Show fads may differ slightly, but quality cattle win the shows. People who do not compete in shows often are raising traditional type cattle with a type conformation that can not win under any fad or judge. Beware when people blame fads for their cattle's lack of competitive success.

"In Between Milker" - is a cow that gives too much milk for coffee, but not enough for cereal. In other words, she will starve a calf to death.

"Speaks for themselves" - is a phrase used in sale catalogs when the owner can't think of anything to say about the cattle. It normally doesn't mean anything.

"Proven sire" - is an often used term. It means the bull has had one or more calves. It's neither negative or positive. A sire can be proven "bad", "good" or otherwise.

"Goat Horned" - is a small horn set that points upward.

"Flat Horned" - is a lateral horn growth direction that grows out and not up or down.

"Profile" - is the line of anatomy created by the side view silhouette or outline shape of cattle.
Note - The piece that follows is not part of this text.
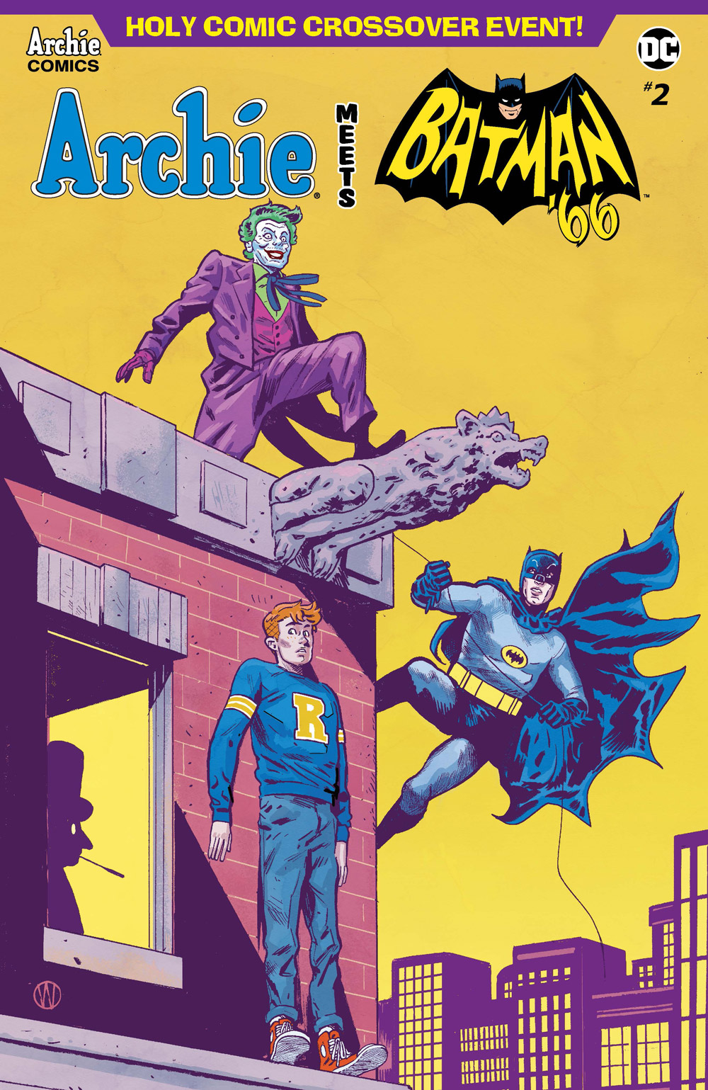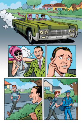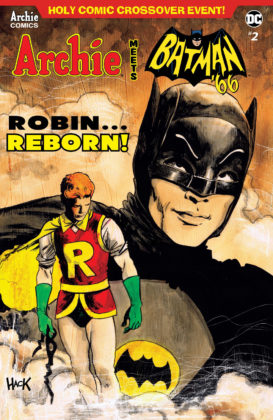 ARCHIE MEETS BATMAN ’66 is a six-issue crossover with DC Comics written by Batman ’66 scribe Jeff Parker and Michael Moreci, with art by Dan Parent, inker J. Bone, colorist Kelly Fitzpatrick, and letterer Jack Morelli. When Gotham City’s villains (as seen on the classic Batman TV series) infiltrate Riverdale, two pop culture icons collide!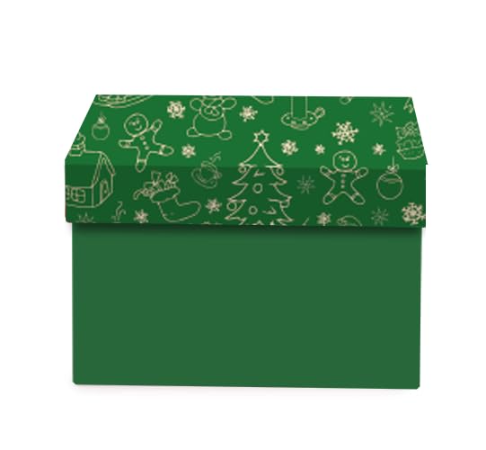 Generic - صندوق هدايا الكريسماس مع غطاء بنمط مزخرف، حاوية تخزين خضراء، صندوق تغليف بطابع العطلات، مقاس (24 × 32 × 11)

"Pedigree" - a record of a line of ancestors making an expanded shape by genealogical chart lines. The more proven high quality animals close up in a pedigree, the more value to the pedigree. Each generation reduces the contribution of an ancestor by 50%. A strong known pedigree is one of the most important value traits in quality cattle.

For all entry level Longhorn students, perhaps this will help understand the jargon. All that remains is to watch your boots and don't step in the hoya-hoya!